Exercise brief: Below are the entries. Print only the lines starting at the one with "Contact SupplierIntroducing the" and ending at the one with "These animal decorations", exactly, with no pictures.

Data to examine:

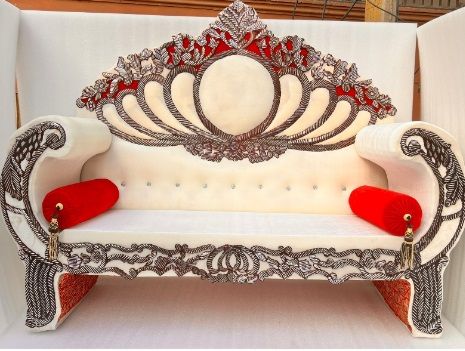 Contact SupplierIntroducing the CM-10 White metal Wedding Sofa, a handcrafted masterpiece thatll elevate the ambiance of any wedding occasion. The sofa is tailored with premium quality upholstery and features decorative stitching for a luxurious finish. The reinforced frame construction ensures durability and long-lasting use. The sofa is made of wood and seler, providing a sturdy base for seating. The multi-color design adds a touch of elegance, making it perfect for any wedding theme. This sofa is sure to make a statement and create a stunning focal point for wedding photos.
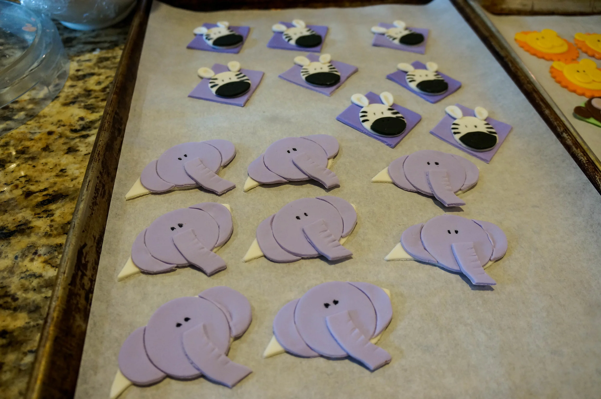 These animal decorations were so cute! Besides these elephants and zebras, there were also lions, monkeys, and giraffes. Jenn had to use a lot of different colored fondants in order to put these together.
...
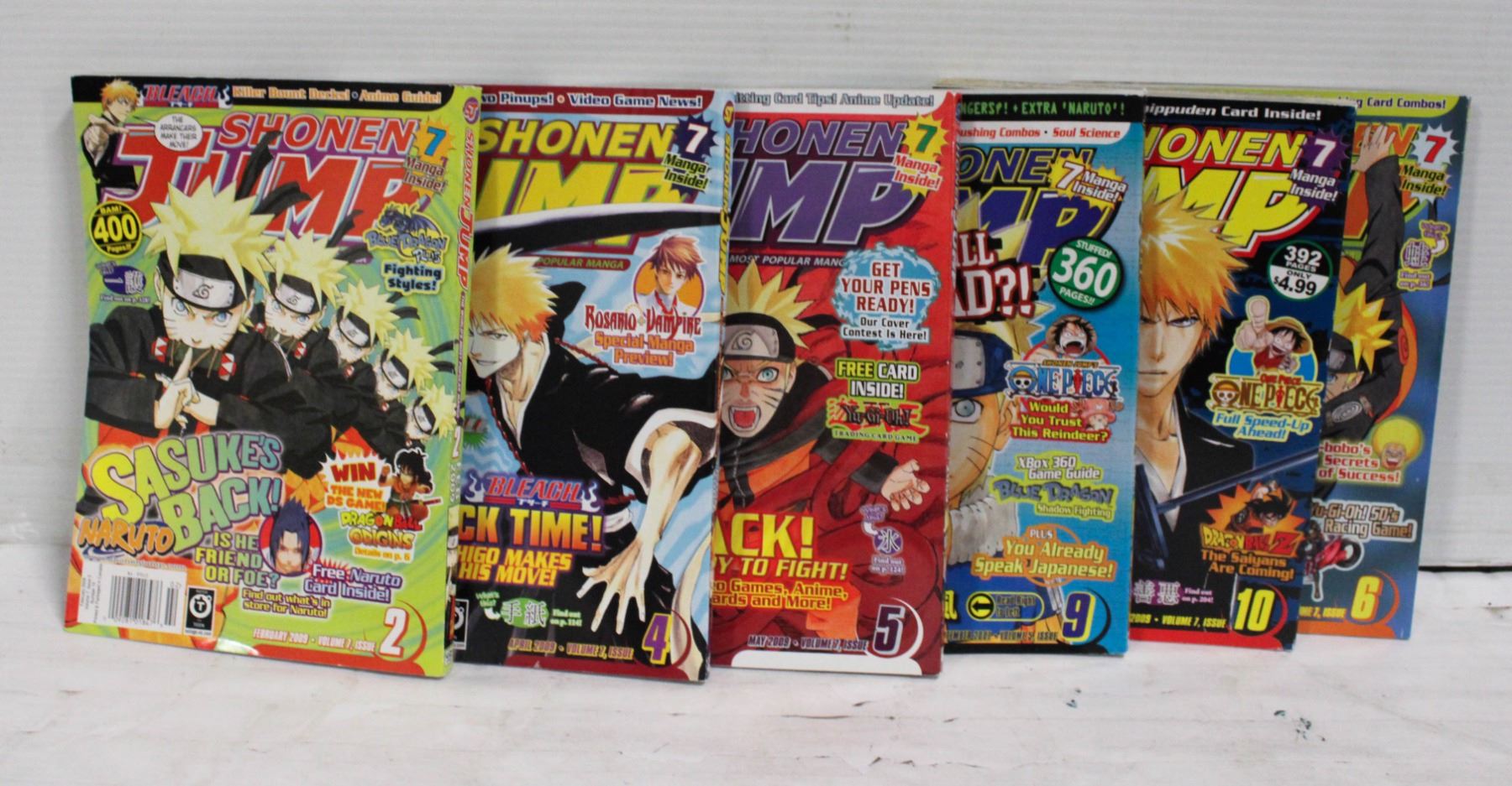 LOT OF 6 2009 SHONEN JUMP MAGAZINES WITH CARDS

Output for this task:
 Contact SupplierIntroducing the CM-10 White metal Wedding Sofa, a handcrafted masterpiece thatll elevate the ambiance of any wedding occasion. The sofa is tailored with premium quality upholstery and features decorative stitching for a luxurious finish. The reinforced frame construction ensures durability and long-lasting use. The sofa is made of wood and seler, providing a sturdy base for seating. The multi-color design adds a touch of elegance, making it perfect for any wedding theme. This sofa is sure to make a statement and create a stunning focal point for wedding photos.
 These animal decorations were so cute! Besides these elephants and zebras, there were also lions, monkeys, and giraffes. Jenn had to use a lot of different colored fondants in order to put these together.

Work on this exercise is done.